We also found Watego’s focus on strategies over solutions radical as an approach that lessens the fatigue and sense of futility in the face of such consuming issues. We especially loved that she presents telling stories as the way to formulate these strategies. Quite a lot of feminist theory — possibly because the distinction between strategies over solutions is not one we have discussed — is focussed on the conceptual without any accompanying understanding of how to enact the conceptual in the ‘everyday’. This can be demoralising, so the idea of ‘organised public fight’ that forces some accountability really captured our interest.

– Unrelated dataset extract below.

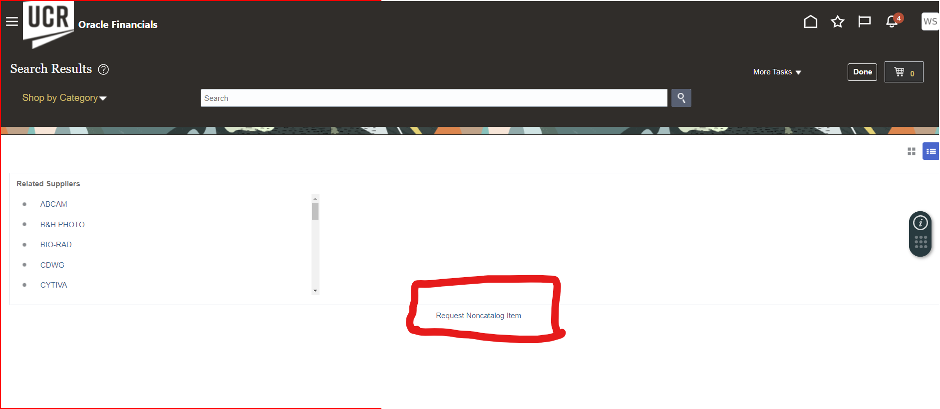 If you are working on an order and have clicked into the Punchout Catalog Smart form and you see "Request Noncatalog Item" DON"T USE IT !!!! This should have been removed or at least turned off since it will just create an error and your order will not work. It is in the red circle below.

Watego refuses to tell a story of Aboriginality located in a complete and settled past or in hopeful futures. Instead she tells stories of vitally alive presents. It is a totally embodied, grounded work, ‘this book is a think-out-loud story’, not written for settlers and colonisers, not written for the white gaze, but written for Indigenous peoples:

‘In attending to the needs of Blackfullas, I am speaking of our literary needs. I’m speaking of the texts that must find their way into the hands and bookshelves of Blackfullas - those texts that are bought and borrowed, dogeared, strained and worn because their words were returned to, required and rendered most useful in the living - Black living to be exact … Black writing must be of and for Black living — a living that exists beyond that of problems and solutions, and most certainly beyond hope.’